I agree that streetcars would "look" better on tighter curves but those curves would preclude body-mount couplers. That is why the midwest interurbans developed their own boxcars and swiviling coupler mounts (that and the fact that the steam railroads wouldn't interchange cars with them).


Jim


----------



## supagav (Feb 8, 2008)

Thanks for the info Jim, thats great









I was thinking of about a 9ft radius, still sharp enough to look like the prototype, but smooth enough for the body mounted kadees.

Thanks again,
Gavin


----------



## Torby (Jan 2, 2008)

The Chicago El makes a 90 degree curve in the space of a yard. Looks like 50 or 60 ft. You can see it on North Avenue.


----------



## altterrain (Jan 2, 2008)

This pic of a PCC turnaround in DC shows the turns could get pretty tight -http://www.davesrailpix.com/dct/jpg/ehd037.jpg 
Also note the center trough power pick up which was used inside the District. The trolley would switch to overhead line when they got to the suburbs. 

-Brian


----------



## vsmith (Jan 2, 2008)

9'R is sharp???? for what a Big Boy??? 

Sheesh, and I was going to suggest the new Aristo 16 inch radius (32"diameter) circle track! 

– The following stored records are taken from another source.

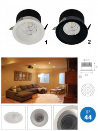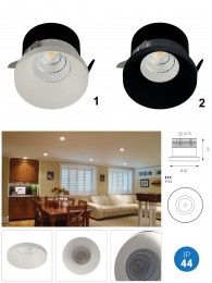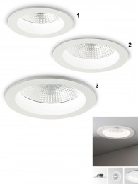 Einbaudownlights eignen sich für abgehängte Decken, wo sie durch ihre Schlichtheit und Zeitlosigkeit auf den ersten Blick nicht auffallen, in der Nacht aber den Raum fast taghell ausleuchten können.
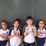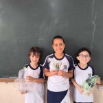 Na aula de hoje os estudantes do 3º ano aprenderam sobre lixos recicláveis. No fim da aula produziram um brinquedo com material reciclável e depois fizeram uma produção de texto instrucional de como o brinquedo foi confeccionado.
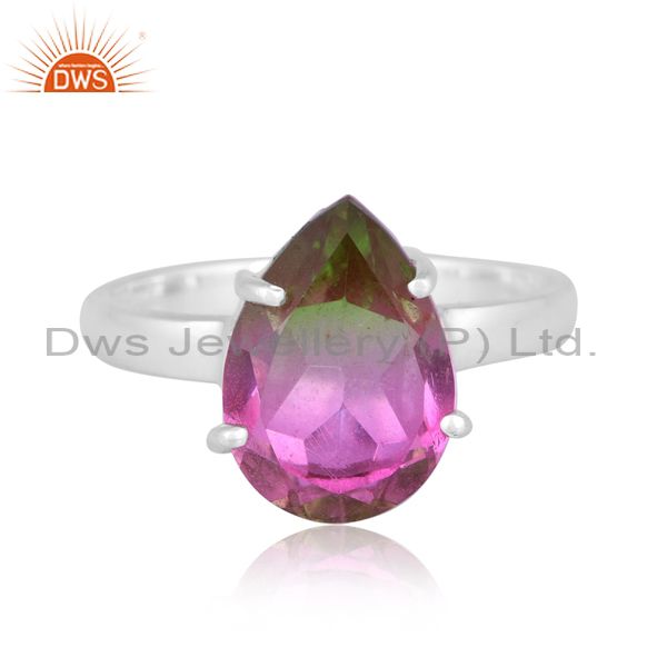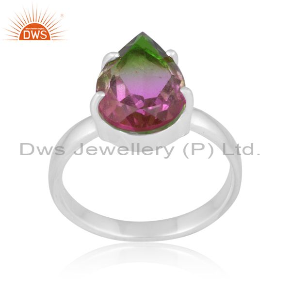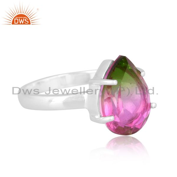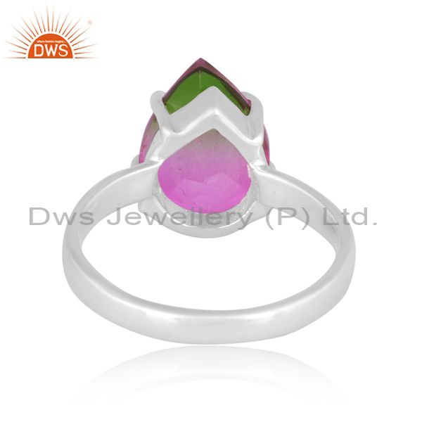 Fine 925 Silver Bio Watermelon Doublet Quartz Set Fancy Ring
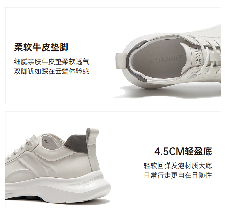 千百度男鞋厚底增高男士时尚休闲鞋小白鞋轻便运动鞋A25180113
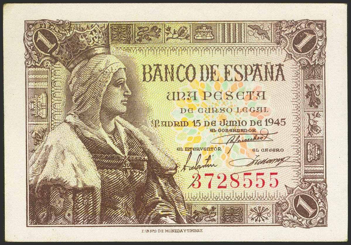 1 Peseta. 15 de Junio de 1945. Sin serie. (Edifil 2021: 448). Apresto original. SC-.
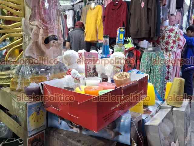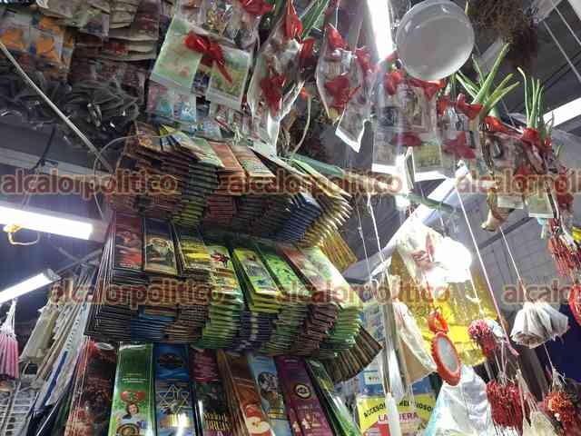 Córdoba, Ver., 31 de diciembre de 2025.- Comerciantes de artículos esotéricos del mercado “Revolución” refieren que los amuletos más solicitados son las monedas chinas, los elefantes, las pulseras de hilo rojo, las velas doradas y las herraduras. “La gente busca protección y estabilidad económica; muchos esperan que el próximo año sea mejor”, dicen.
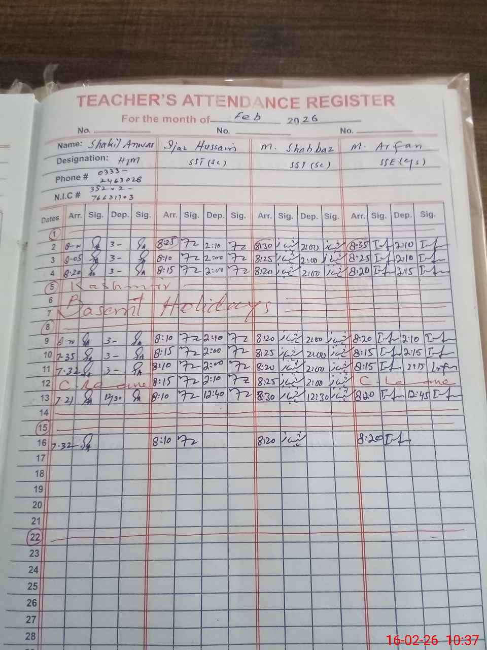 | CNIC | Full Name | Designation | R/C | Absence during last cal. month |

You guys must be building that indoor layout in a warehouse!


----------



## supagav (Feb 8, 2008)

Sorry, I appologise! I meant 9ft diameter, silly me


----------



## vsmith (Jan 2, 2008)

STILL, for petes sakes! I'm R1 indoors for crying out loud. 9' diameter is pure luxury 

Better not mention the 21" diameter circle I'm monkeying around with .. /DesktopModules/NTForums/themes/mls/emoticons/shocked.gif


----------



## lownote (Jan 3, 2008)

I have nothing smaller than 8 foot on my layout, and 8 foot looks too sharp to me now. 


But that's my fault. It doesn't look too sharp at all with small engines 



pdk's Daisy Beach Railway is a great example:

http://home.cogeco.ca/~daisybeach/


----------